From the data below, set down exactly the lines between the one holding "Son olarak Microsoft'a" and the one holding "Pojemnik z tworzywa", inclusive, and no others.

— MATERIAL PROVIDED —
* * *

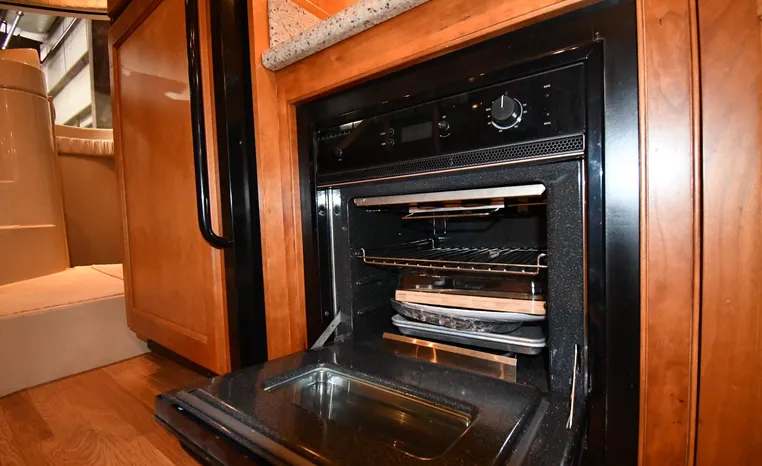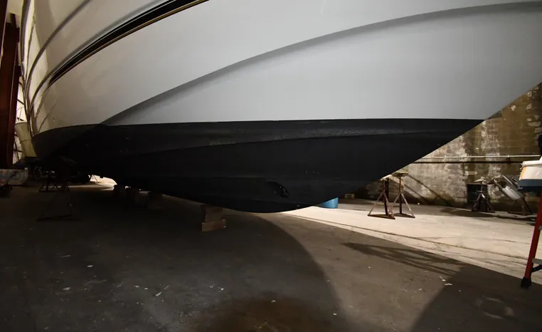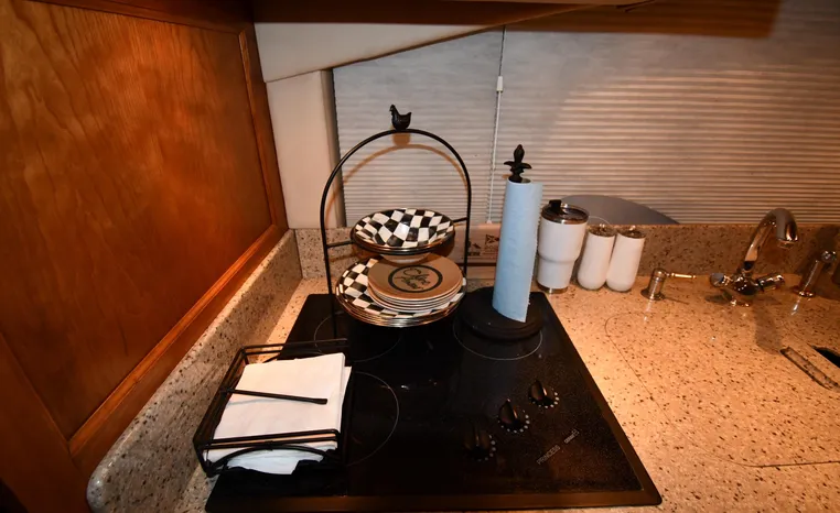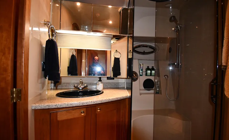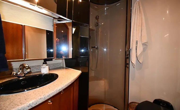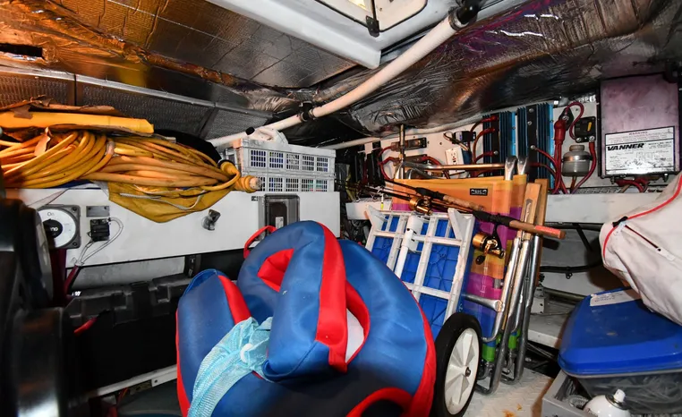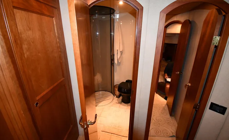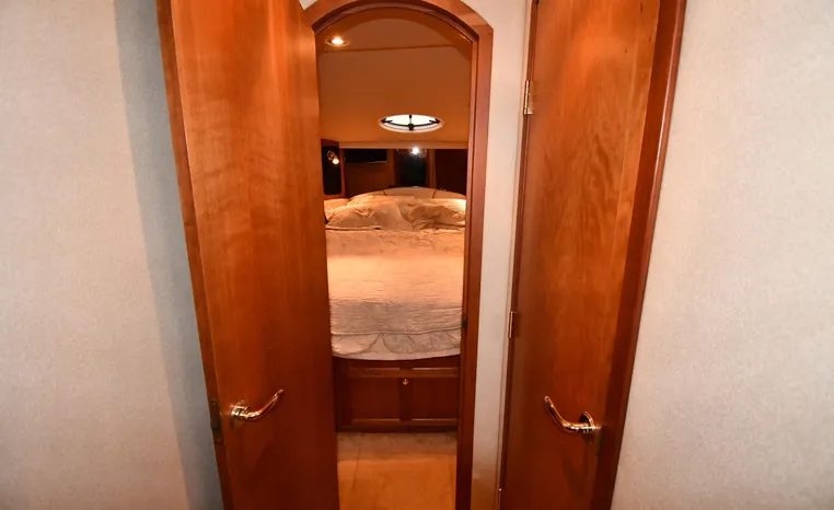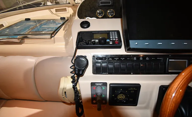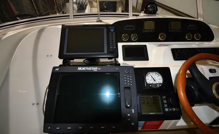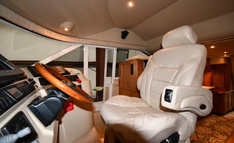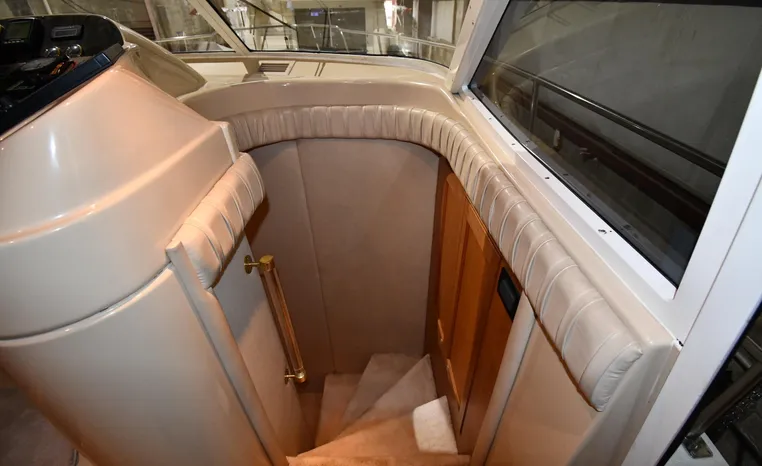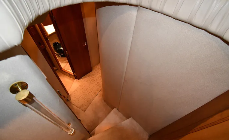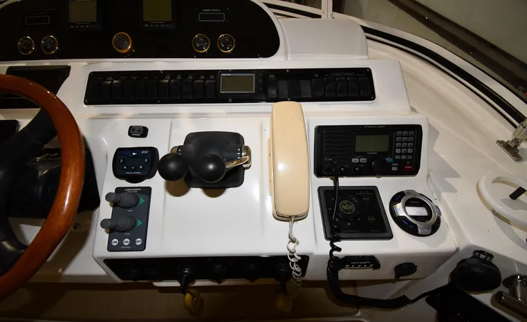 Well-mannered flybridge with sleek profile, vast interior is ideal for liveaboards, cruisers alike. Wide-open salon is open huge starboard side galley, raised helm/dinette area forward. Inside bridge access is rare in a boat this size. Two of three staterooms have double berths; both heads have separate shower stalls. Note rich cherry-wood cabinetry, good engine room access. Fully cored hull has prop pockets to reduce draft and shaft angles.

* * *

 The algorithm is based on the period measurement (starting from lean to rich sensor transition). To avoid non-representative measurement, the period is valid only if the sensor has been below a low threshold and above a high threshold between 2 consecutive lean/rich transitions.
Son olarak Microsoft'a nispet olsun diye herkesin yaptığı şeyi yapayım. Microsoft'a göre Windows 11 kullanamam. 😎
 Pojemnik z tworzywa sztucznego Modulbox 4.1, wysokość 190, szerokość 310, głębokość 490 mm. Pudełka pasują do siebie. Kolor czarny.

* * *

— RESULT BELOW —
Son olarak Microsoft'a nispet olsun diye herkesin yaptığı şeyi yapayım. Microsoft'a göre Windows 11 kullanamam. 😎
 Pojemnik z tworzywa sztucznego Modulbox 4.1, wysokość 190, szerokość 310, głębokość 490 mm. Pudełka pasują do siebie. Kolor czarny.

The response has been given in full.